Let’s name our plan “Let’s Pretend,” the title of a CBS kids’ radio series that ran for 20 years.
“Let’s Pretend” that we are a low-tech community instead of a high-tech one.
“Let’s Pretend” our kids can read workbooks at home and can actually write in them with a pencil or pen. The workbooks would reflect what teachers would be teaching in actual classrooms. Assume that families who could afford it, would purchase the workbooks, and those who could not would receive them for free.
Assume teachers would prepare written assignments that would be emailed to the kids so they could do them at the kitchen table or their desks. Even better, the teachers could prepare the term’s assignments and provide them with the workbooks.
Then add a single high-tech step: The kids could use their smartphones to photograph completed assignments, send them to the teacher, and await the teacher’s grading, comments and response to the submitted work.
If a kid is having trouble answering a question or understanding a new concept, he or she could ask the teacher for help, direction, mentoring — and the teacher could respond individually to the kid by telephone, if necessary.

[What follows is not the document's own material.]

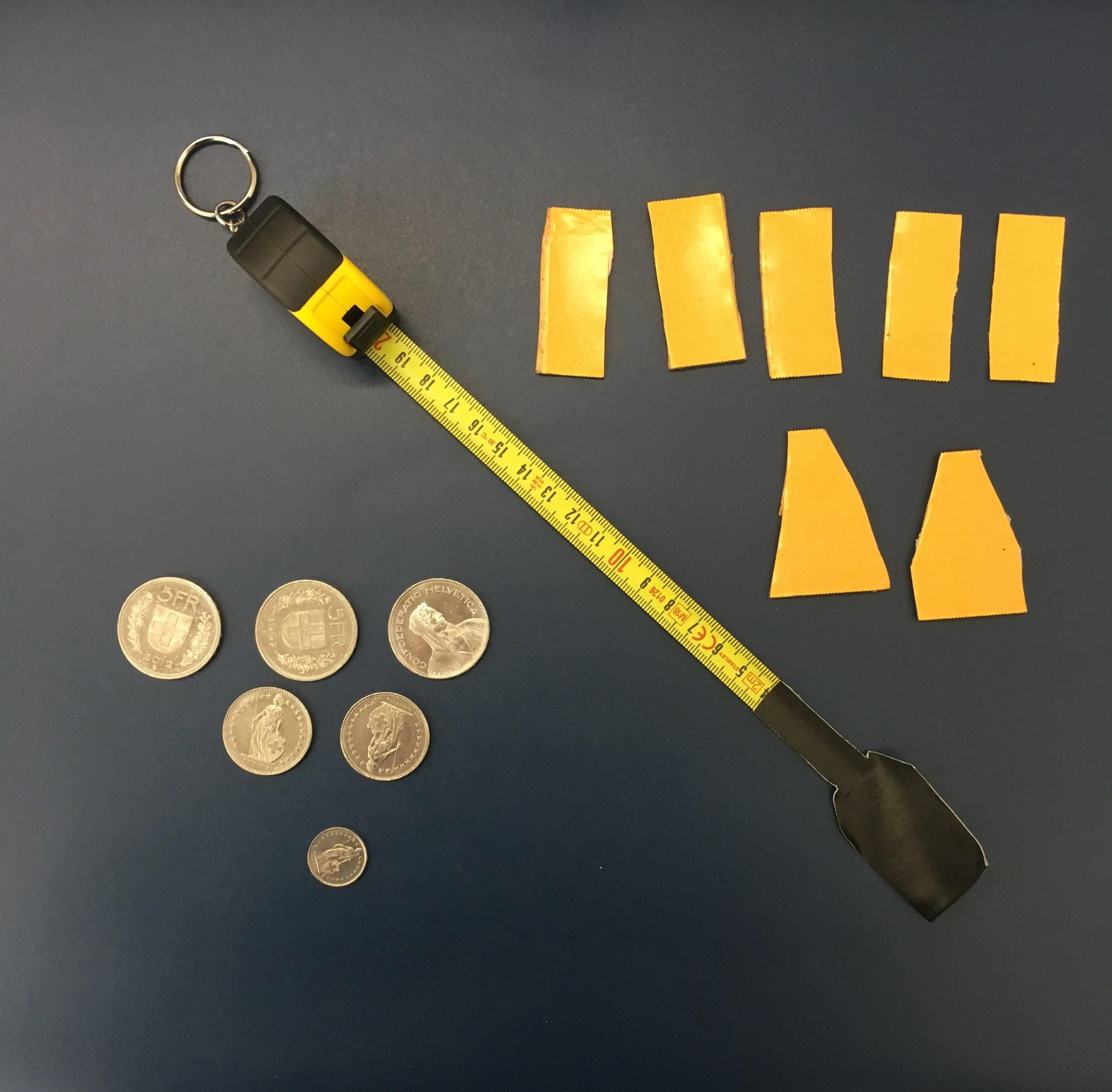Eine alte, schwarze Pistole mit sichtbaren Gebrauchsspuren neben einem Massband zur Grössenbestimmung. — © BAZG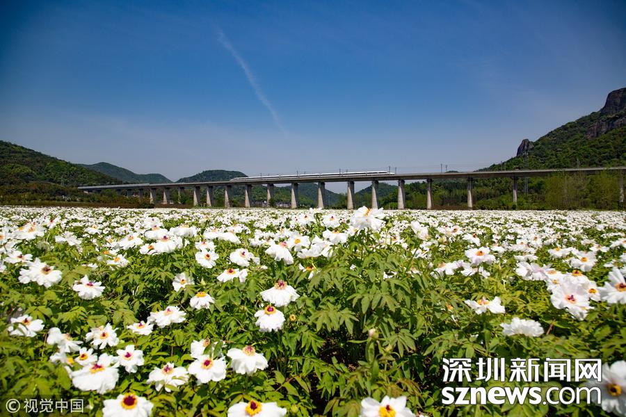 2019年4月8日,一列高鐵列車從京福高鐵安徽銅陵段一片盛開的鳳丹花海中駛過(guò)。隨著氣溫回升,安徽省銅陵市境內(nèi)的鳳丹競(jìng)相綻放,高鐵列車穿行其間,成為春日里一道美麗的風(fēng)景線。

The teacher could assume that if one kid is having difficulty with a particular subject area, others might be experiencing similar difficulty. The teacher could prepare the response to the student in such a way that it could be disseminated to all those in the same class. It’s also possible that the teacher could anticipate which areas might be difficult to comprehend and provide notes along with the assignments.
This is an old-fashioned learning opportunity. We can have direct communication with the teacher via telephone, email, text, photos. The teacher can do his or her job. The kids can do theirs. Learning goes on!
We would need a system to induce students to participate — timely, and with a degree of enthusiasm. Perhaps kids who achieve a certain grade level each day would receive points, which can be redeemed for prizes (a day free from work assignments, or access to games, books, puzzles, etc.). For those who fall behind, teachers or other students could mentor the lagging student and require verbal communication on a daily basis until the student gets up to speed.
“Adapt, adjust and revise,” suggests Alan Alda. “It’s the secret of life.”
We can do it.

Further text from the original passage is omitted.